A lawyer stepped forward. ‘The clothing is regarded as a donation to the Driscol Institute. It’s worn to charitable events, then recycled at auctions to benefit worthy causes.’

This man could now be identified as the tax attorney in the gang of suits. Mallory turned from one man to the other. ‘Who can tell me how many politicians the lady has in her pocket? What do they cost on average, and how do you recycle them? Another auction? Influence to the highest bidder?’ By their looks of surprise, by their lack of howling, she confirmed that there was not one criminal lawyer in the pack.

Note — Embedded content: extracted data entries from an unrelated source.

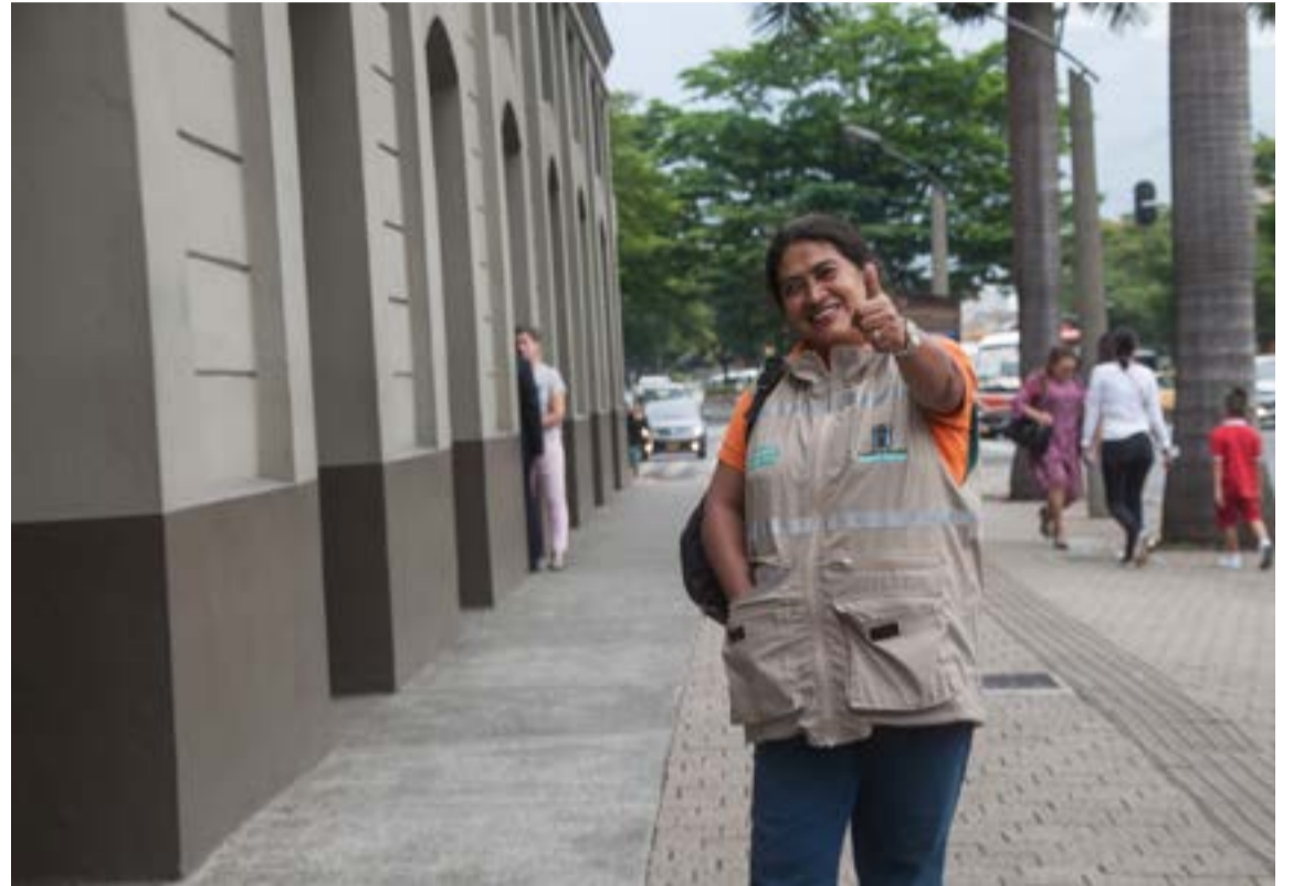
Semillas que Crecen, Fundación Visibles, Ave Fénix, Nave de los Sueños, Aguapaneleros, Aguapanelazo y voluntariados cristianos complementan el trabajo oficial.

En la calle encontraba el dinero para seguir drogándose, ya fuera robando o mendigando, no impor-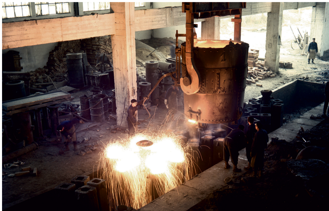
Aceros de Llodio labea, 1960 urtean. Amiantoa erabiltzen zuten beroa isolatzeko

% 5 soilik diagnostikatzen da laneko gaixotasun gisa, amiantoak eragindako minbizia kasuen portzentaia altuagoa bada ere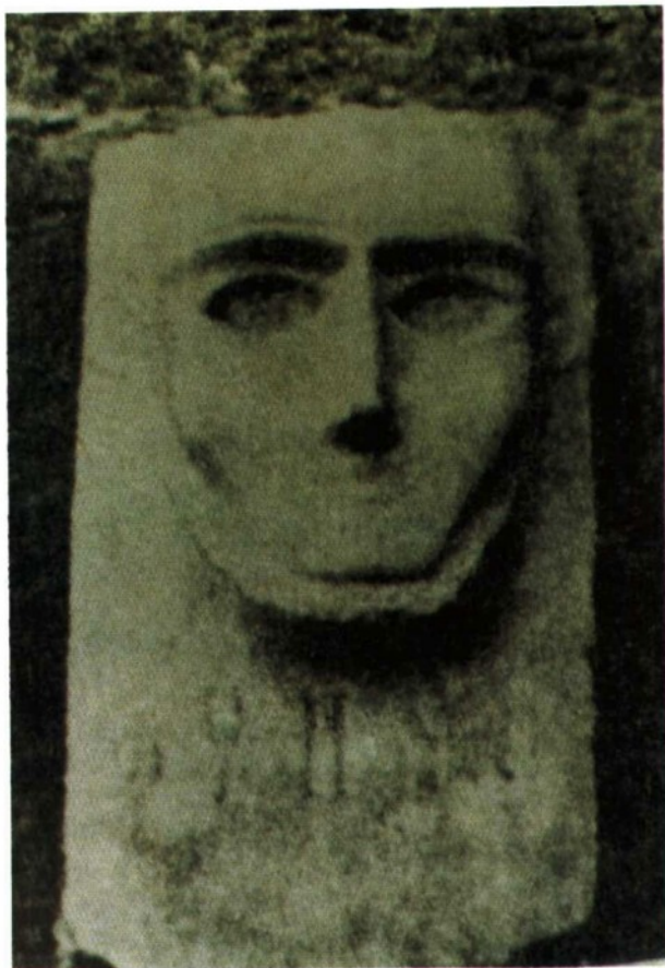
萨巴国王瓦哈卜·伊勒大理石头像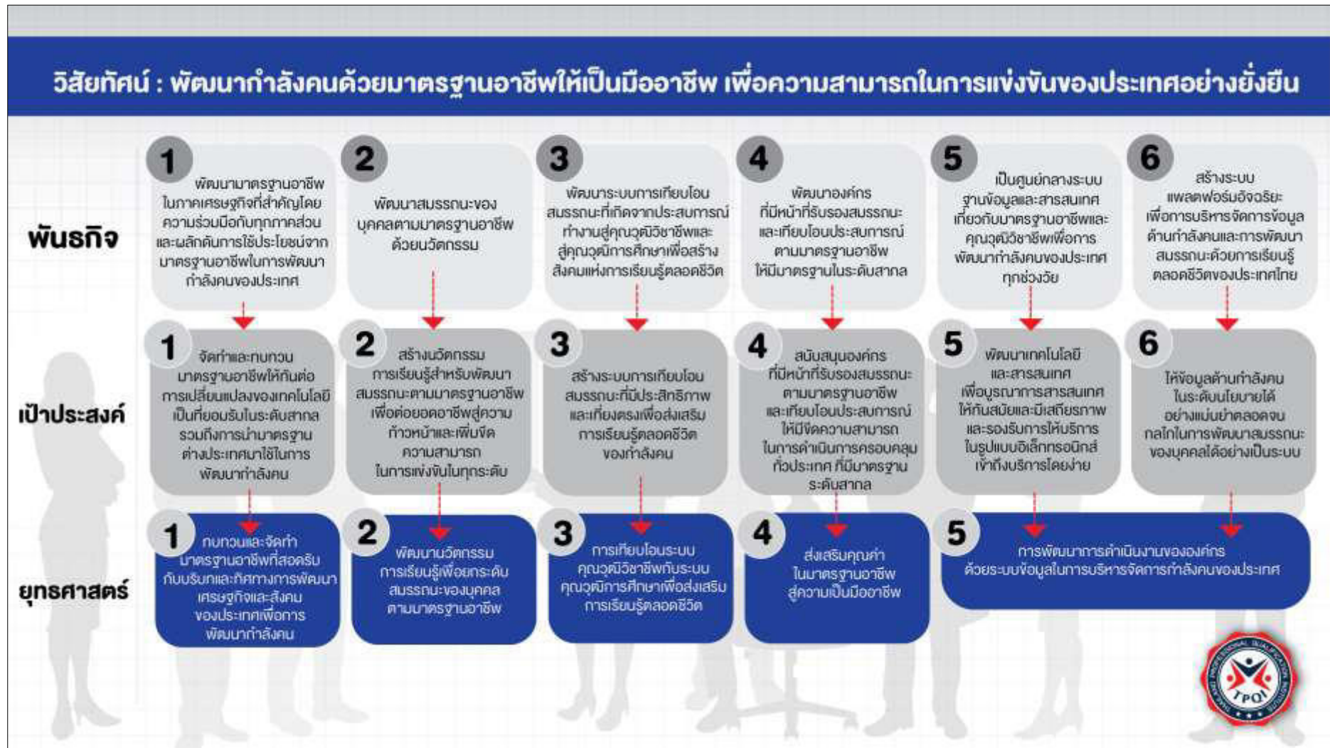
แผนภาพ ความสอดคล้องระหว่างวิสัยทัศน์ พันธกิจ เป้าประสงค์ และยุทธศาสตร์สถาบันคุณวุฒิวิชาชีพ พ.ศ. 2565 – 2570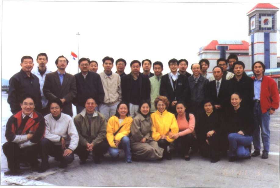
江苏省昆剧院乐队合影。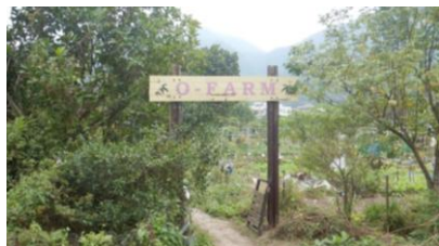
圖 7：老農田有機農場

The detective turned her attention back to Grace Driscol-Bledsoe. ‘You directed the Institute to fund charities in the names of city council members. They must love that. Good deeds get them votes. Five of them sit on the Contracts Committee. That gives you a majority voting block. How many of your friends benefit from city contracts?’ Before the first lawyer could raise an objection, she looked down at her cell-phone screen. ‘Oh, here’s one.’ She held up the phone to display the society-page photograph. ‘The guy with his arm around your shoulder?’

‘Oh, yeah,’ said Riker, squinting at the small image. ‘He was awarded a bridge-maintenance contract. Big bucks. And doesn’t he look happy?’

‘If I follow the money,’ said Mallory, ‘and I do – you haven’t deposited your kickbacks in any personal bank accounts. Every large transfer of funds sets off federal alarms . . . So they had to be cash payoffs.’

Riker leaned into the conversation with his punch line. ‘Do you mind if we search your house for a safe?’

All three lawyers were talking, then shouting to be heard over one another’s threats. The words warrant and slander figured in all their comments until their client silenced them by raising one hand. Addressing Mallory, she said, ‘The Driscol Institute always has glowing reports from the auditors. In this world, it’s not what you know, my dear. It’s what you can prove.’

In sidelong vision, Mallory saw the woman’s companion hovering near the entryway. ‘Your personal income might support a cleaning lady, but not a full-time employee like Hoffman, not if you like to eat regular meals.’ The detective bent down to make a show of examining a silver pendant resting on the socialite’s bosom. The engraving was fine work, but the jeweler had not been able to disguise the function of the tricked-out button at its center. The older woman’s hand quickly covered it.

This was the soft spot.

‘It’s a medical-alert medallion, right? You press that button and an ambulance shows up?’ Without waiting for an answer, Mallory glanced at the companion standing on the other side of the room, still carrying her small Gladstone bag. ‘Hoffman’s a nurse? That would make her a very expensive employee.’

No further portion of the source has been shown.